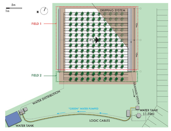 The rainwater collected by the membrane was gravity-drained and stored in an underground tank. This water was pumped to a tank about 1.5 m higher and later distributed by dripping. In addition, the field had sensors for water flow monitoring and the automation systems. All methodological details are described in the inventory analysis in Section 2.2.
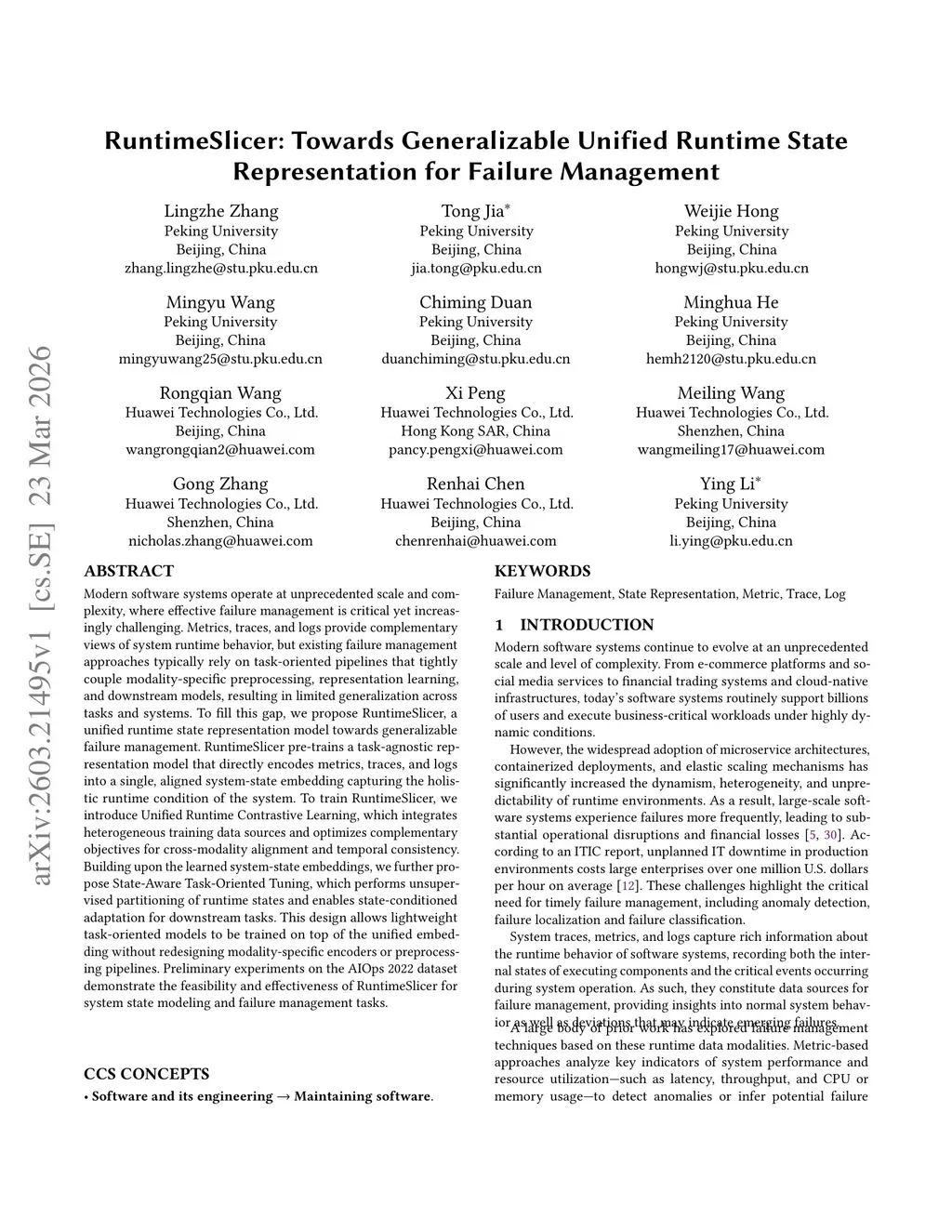 RuntimeSlicer: Towards Generalizable Unified Runtime State Representation for Failure Management
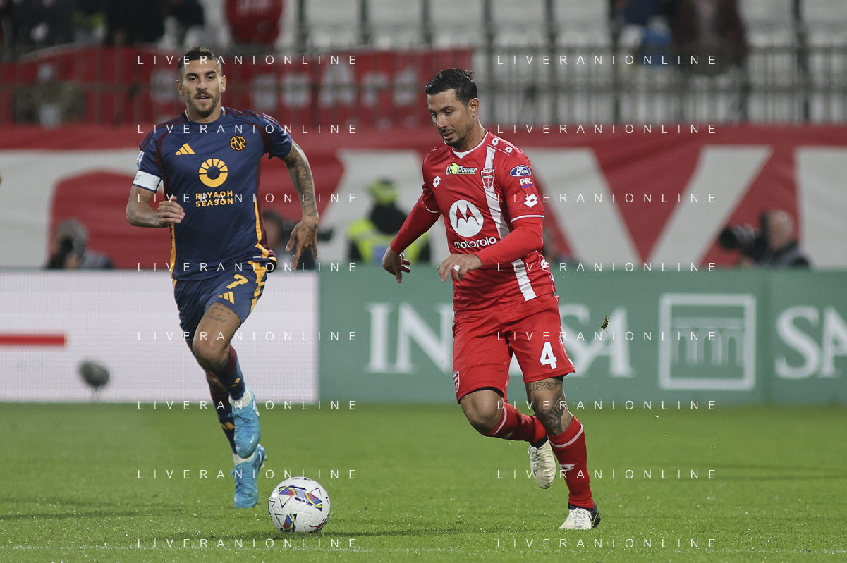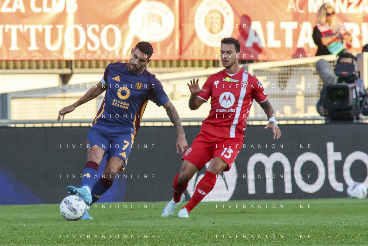 Lorenzo Pellegrini of AS Roma competes for the ball with Pedro Pereira of AC Monza during AC Monza vs AS Roma, 7° Serie A Enilive 2024-25 game at U-Power stadium in Monza (MB), Italy, on October 06, 2024. (Photo by Davide Casentini) ag aldo liverani sas
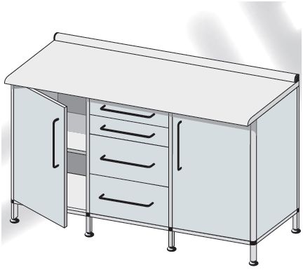 Zabudowa przyścienna trzykomorowa. Wykonane w różnych konfiguracjach wymiarowych i rodzajowych. Standardowo drzwi otwierane są ze strony prawej na lewą lub na życzenie Zamawiającego odwrotnie. Wyposażone w jedną przestawną, regulowaną półkę. W standardzie stópki z regulacją wysokości, zamki patentowe jedno- lub wielopunktowe. Blaty robocze z fartuchem tylnym. Standardowo wykonane jak pokazano na poniższych schematach jako laminowane. Na życzenie Zamawiającego blaty mogą być z innych materiałów zgodnie z zamieszczonym opisem (str. 129-132 katalogu). Szuflady typu skrzyniowego wykonane z tworzywa ABS z wyoblonymi i szczelnymi krawędziami wewnętrznymi w różnym asortymencie wymiarowym.
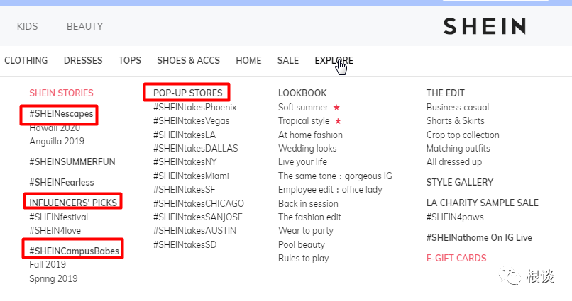 从SHEIN的官网Explore分类可以看到历史做的一些事件营销,包括脱口秀节目The real,出网红联名款,歌手明星kate perry,电影明星Madelaine Petsch,IP联名包括跟海绵宝宝,迪士尼的花木兰等大型IP合作
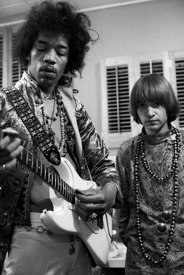 © Ed Caraeff - Jimi Hendrix plays with radio disc jockey Rodney Bingenheimer, 1967.
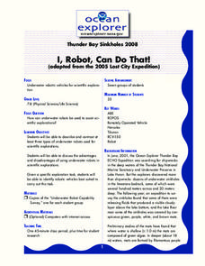 Students describe the three types of underwater robots and the advantages and disadvantages of using them. In this underwater lesson students are given a task and identify the best robot for the job.
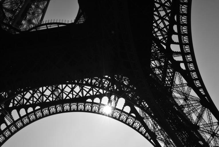 Keywords: paris france eiffel tower black and white silhouette against the light
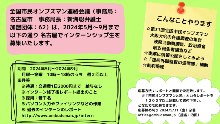 全国市民オンブズマン連絡会議(事務局:名古屋市 事務局長:新海聡弁護士 加盟団体:62)は、2024年5月~2024年9月まで以下の通り 名古屋でインターンシップ生を募集いたします。主に全国市民オンブズマン連絡会議の調査・資料集計を担当して頂く予定です。
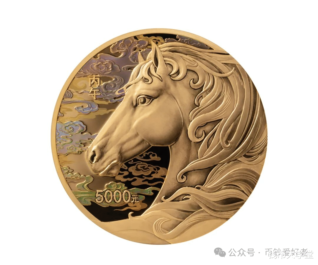 500克圆形金质纪念币背面图案为装饰马头造型,衬以祥云组合设计,并刊“丙午”字样及面额。最大发行量500枚。
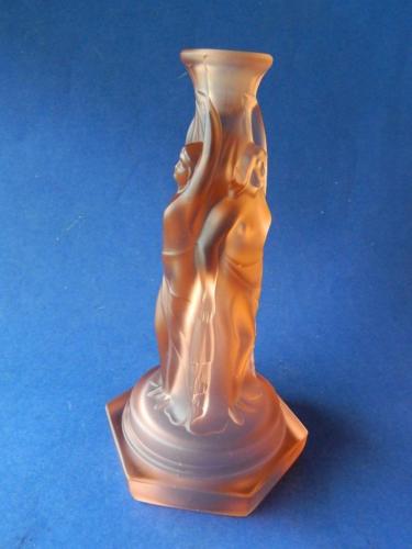 Title (ebay affiliate link): Art Deco Frosted Pink Glass 3 Maidens Candlestick Centrepiece Walther & Sohne
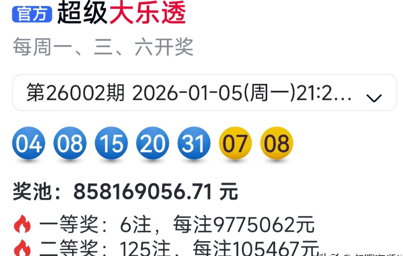 超级大乐透26002期开奖号码为:04 08 15 20 31 + 07 08
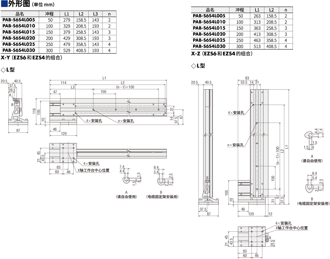 说明 | EZS6与EZS4的组合 L型 2轴侧行程100 mm |
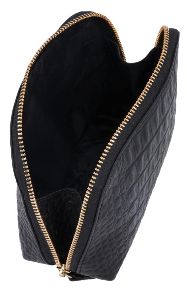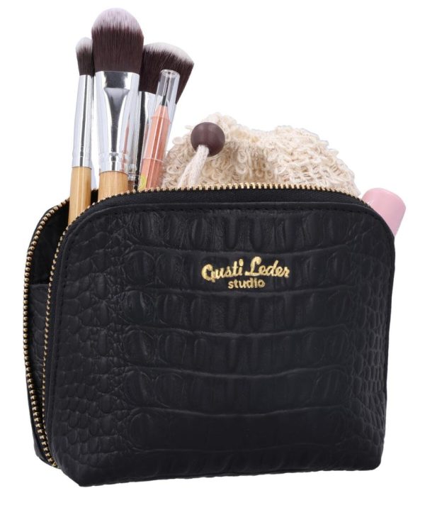 Kosmetiktasche Utensilientasche Kulturbeutel Waschtasche Schminktasche Kulturtasche Schwarz Leder
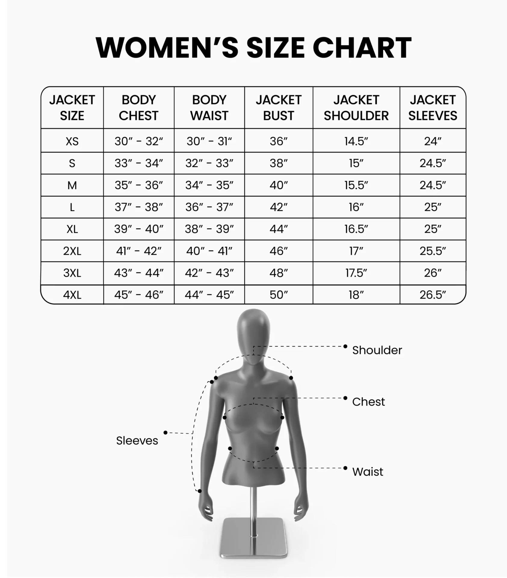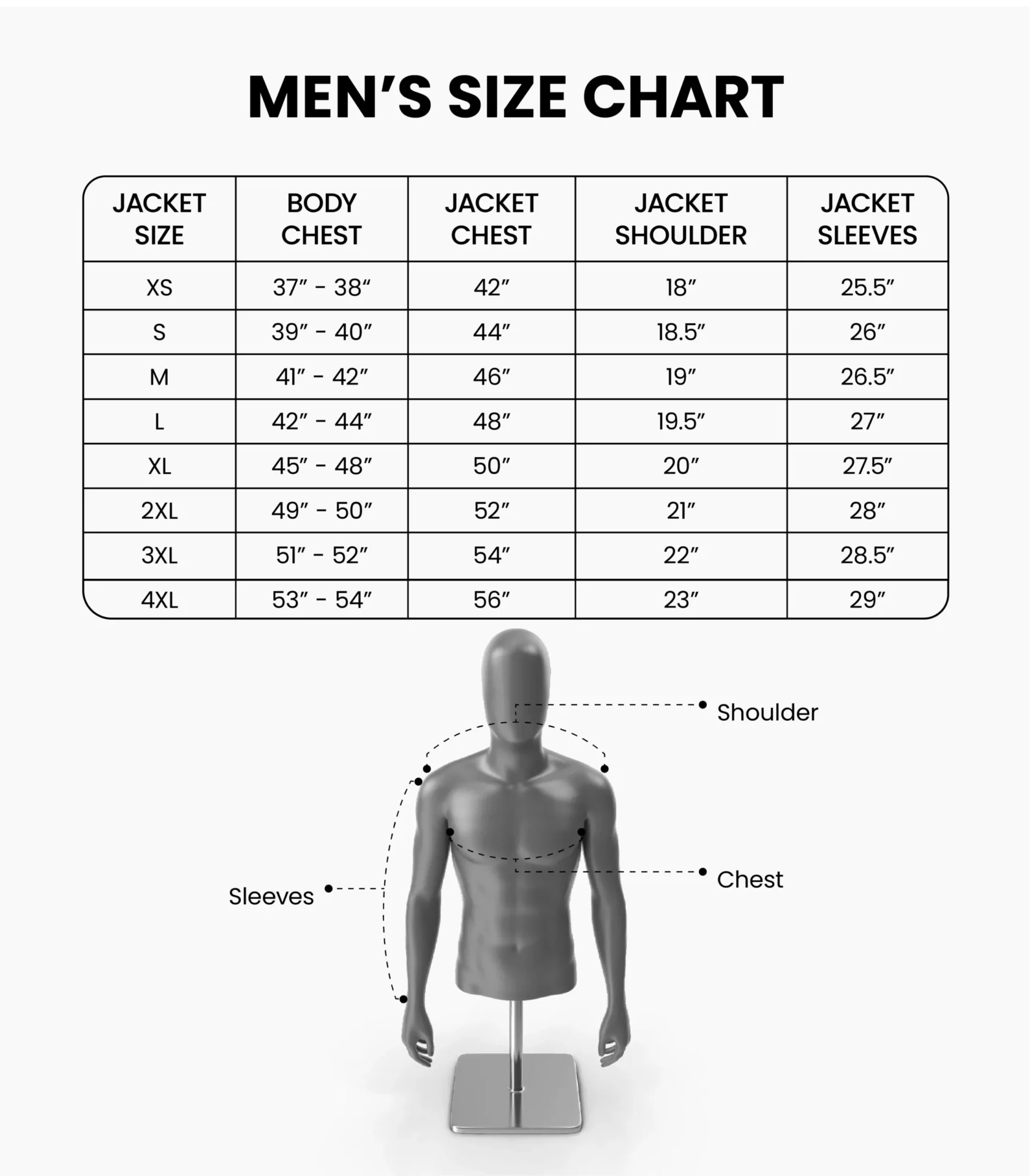 - True to size construction. Each jacket is cut and built to your selected size.
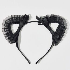 Urban Outfitters Lacey Cat Bow Headband in Black | NEW

++++

#### What you have to do:
Line by line, give the material above again exactly, but without any pictures.

#### Written response:
 The rainwater collected by the membrane was gravity-drained and stored in an underground tank. This water was pumped to a tank about 1.5 m higher and later distributed by dripping. In addition, the field had sensors for water flow monitoring and the automation systems. All methodological details are described in the inventory analysis in Section 2.2.
 RuntimeSlicer: Towards Generalizable Unified Runtime State Representation for Failure Management
 Lorenzo Pellegrini of AS Roma competes for the ball with Pedro Pereira of AC Monza during AC Monza vs AS Roma, 7° Serie A Enilive 2024-25 game at U-Power stadium in Monza (MB), Italy, on October 06, 2024. (Photo by Davide Casentini) ag aldo liverani sas
 Zabudowa przyścienna trzykomorowa. Wykonane w różnych konfiguracjach wymiarowych i rodzajowych. Standardowo drzwi otwierane są ze strony prawej na lewą lub na życzenie Zamawiającego odwrotnie. Wyposażone w jedną przestawną, regulowaną półkę. W standardzie stópki z regulacją wysokości, zamki patentowe jedno- lub wielopunktowe. Blaty robocze z fartuchem tylnym. Standardowo wykonane jak pokazano na poniższych schematach jako laminowane. Na życzenie Zamawiającego blaty mogą być z innych materiałów zgodnie z zamieszczonym opisem (str. 129-132 katalogu). Szuflady typu skrzyniowego wykonane z tworzywa ABS z wyoblonymi i szczelnymi krawędziami wewnętrznymi w różnym asortymencie wymiarowym.
 从SHEIN的官网Explore分类可以看到历史做的一些事件营销,包括脱口秀节目The real,出网红联名款,歌手明星kate perry,电影明星Madelaine Petsch,IP联名包括跟海绵宝宝,迪士尼的花木兰等大型IP合作
 © Ed Caraeff - Jimi Hendrix plays with radio disc jockey Rodney Bingenheimer, 1967.
 Students describe the three types of underwater robots and the advantages and disadvantages of using them. In this underwater lesson students are given a task and identify the best robot for the job.
 Keywords: paris france eiffel tower black and white silhouette against the light
 全国市民オンブズマン連絡会議(事務局:名古屋市 事務局長:新海聡弁護士 加盟団体:62)は、2024年5月~2024年9月まで以下の通り 名古屋でインターンシップ生を募集いたします。主に全国市民オンブズマン連絡会議の調査・資料集計を担当して頂く予定です。
 500克圆形金质纪念币背面图案为装饰马头造型,衬以祥云组合设计,并刊“丙午”字样及面额。最大发行量500枚。
 Title (ebay affiliate link): Art Deco Frosted Pink Glass 3 Maidens Candlestick Centrepiece Walther & Sohne
 超级大乐透26002期开奖号码为:04 08 15 20 31 + 07 08
 说明 | EZS6与EZS4的组合 L型 2轴侧行程100 mm |
 Kosmetiktasche Utensilientasche Kulturbeutel Waschtasche Schminktasche Kulturtasche Schwarz Leder
 - True to size construction. Each jacket is cut and built to your selected size.
 Urban Outfitters Lacey Cat Bow Headband in Black | NEW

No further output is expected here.